School of Computer Science, National Engineering Research Center for Multimedia Software, Institute of Artificial Intelligence and Wuhan institute of Data Intelligence, Wuhan University, Wuhan, 430072, China.
School of Electric Information, Wuhan University, Wuhan, 430072, China.
Neural Netw. 2024 Jun;174:106235. doi: 10.1016/j.neunet.2024.106235. Epub 2024 Mar 14.

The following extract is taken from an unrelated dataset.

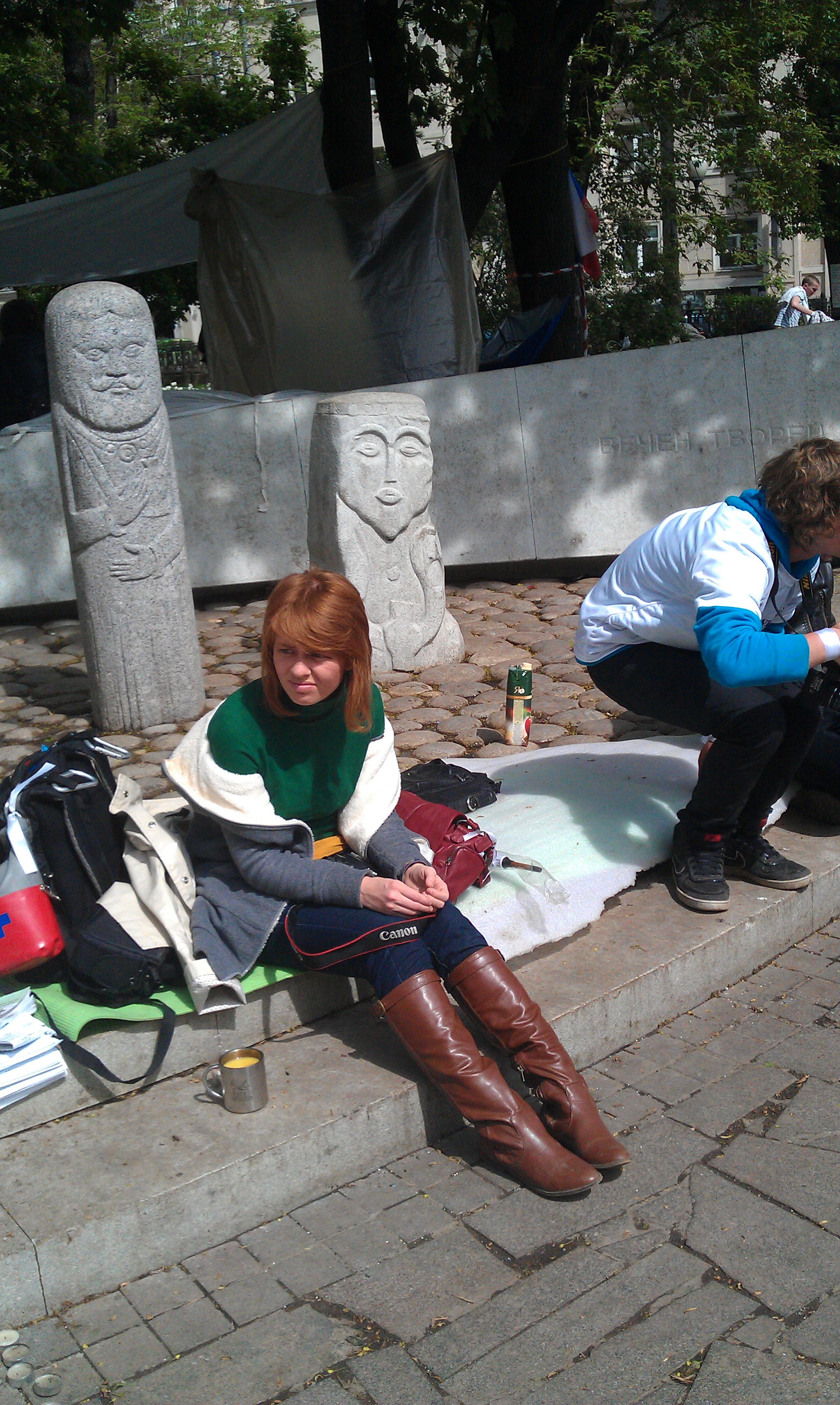 Пришлось возвращаться, потому что так далеко провокационные отряды вряд ли стали бы скрываться. У Абая счастье уже настало, там и правда были тысячные толпы. Все они уговаривали друг друга не ходить по газонам и не мусорить, но на газоны все же толпа неминуемо выплевывала людей. Стояли терпеливые пропагандистские элементы, подняв кверху брошюру "Вопросы национализма" -- или, кажется, это журнал. Рядом с ними происходило хоровое пение. Интеллигентные женщины средних лет, руководимые двумя дядями с музыкальными инструментами, спели сначала "Ты меня ждешь, и у детской кроватки не спишь..." -- а потом, не сходя с места (впрочем, куда там сойдешь) -- про то, как "шаланды, полные кефали, в Одессу Костя привозил, и все биндюжники вставали, когда в пивную он входил". Где-то как-то так я всегда представляла себе самый страшный кошмар русского националиста. Но времена изменились, да и в людях сейчас нет той нежной ранимости, что была раньше -- все тренированные.

Recently, Vision Transformer (ViT) has achieved promising performance in image recognition and gradually serves as a powerful backbone in various vision tasks. To satisfy the sequential input of Transformer, the tail of ViT first splits each image into a sequence of visual tokens with a fixed length. Then, the following self-attention layers construct the global relationship between tokens to produce useful representation for the downstream tasks. Empirically, representing the image with more tokens leads to better performance, yet the quadratic computational complexity of self-attention layer to the number of tokens could seriously influence the efficiency of ViT's inference. For computational reduction, a few pruning methods progressively prune uninformative tokens in the Transformer encoder, while leaving the number of tokens before the Transformer untouched. In fact, fewer tokens as the input for the Transformer encoder can directly reduce the following computational cost. In this spirit, we propose a Multi-Tailed Vision Transformer (MT-ViT) in the paper. MT-ViT adopts multiple tails to produce visual sequences of different lengths for the following Transformer encoder. A tail predictor is introduced to decide which tail is the most efficient for the image to produce accurate prediction. Both modules are optimized in an end-to-end fashion, with the Gumbel-Softmax trick. Experiments on ImageNet-1K demonstrate that MT-ViT can achieve a significant reduction on FLOPs with no degradation of the accuracy and outperform compared methods in both accuracy and FLOPs.
最近,视觉转换器 (ViT) 在图像识别方面取得了令人瞩目的性能,逐渐成为各种视觉任务中的强大骨干。为了满足 Transformer 的顺序输入,ViT 的尾部首先将每张图像分割成具有固定长度的一系列视觉令牌。然后,下面的自注意力层构建令牌之间的全局关系,为下游任务生成有用的表示。从经验上看,用更多的令牌表示图像会带来更好的性能,但自注意力层对令牌数量的二次计算复杂度会严重影响 ViT 的推断效率。为了减少计算量,一些剪枝方法逐步剪枝 Transformer 编码器中无信息的令牌,而不改变 Transformer 之前的令牌数量。实际上,作为 Transformer 编码器输入的更少的令牌可以直接降低下面的计算成本。本着这种精神,我们在本文中提出了多尾视觉转换器 (MT-ViT)。MT-ViT 采用多个尾部来生成不同长度的视觉序列,供下面的 Transformer 编码器使用。引入了尾部预测器来决定哪个尾部对于图像是最有效的,以产生准确的预测。这两个模块都以端到端的方式进行优化,使用 Gumbel-Softmax 技巧。在 ImageNet-1K 上的实验表明,MT-ViT 可以在不降低准确性的情况下显著减少 FLOPs,并且在准确性和 FLOPs 方面都优于比较方法。